Has anybody actually ran Geekbench? Geekbench generates pretty much useless numbers.
Try running Geekbench with some sort of system monitor on. You'll see NONE OF YOUR CORE is utilized nowhere close to 100%, during the 'single core' part of the Geekbench. Same goes for the 'multi core' part. ALL OF YOUR CORES won't be utilized nowhere near 100%. Not even close. Average utilization during the multi core test is much closer to idle than 100% utilization. And this happens to almost every CPU on every platform.
Most workloads of Geekbench don't care about maximum performance you could squeeze from the CPU. It just runs a set of libraries on 'as is' basis, hence it's not actually gauging the absolute maximum performance, nowhere close to that. What it measures is, how well each CPU run those libraries on 'as is' basis, which doesn't mean much. Random optimization by the library could play impact the results to a degree that it renders outcome useless.

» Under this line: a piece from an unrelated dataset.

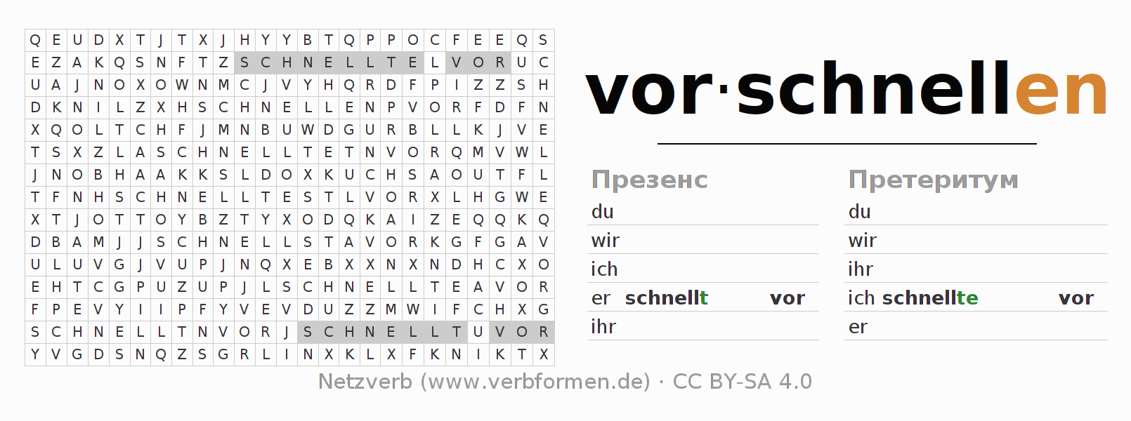 С помощью этих головоломок по поиску слов Вы можете подходящим для Вас способом изучать спряжение немецкого глагола vorschnellen.

Geekbench tries to mask this inherent flaws by introducing many sets of workloads, including some real-world workloads (because faster CPU would do better on average, even if it's not utilize the CPU to its fullest extent and there are some optimization hiccups here and there), but still it doesn't do any good job. The result is basically a combination of anecdotal measurements of some random libraries.
So don't treat the number like it means something. If you still incline to do that, at least get your fact straight. M1 scored higher than older Intel Macs. Tiger Lake hovers around 1600-1700 on Windows, Linux and even on macOS VM. Rocket Lake around 1900-2000, and Vermeer could get 2000-2000 on macOS VM.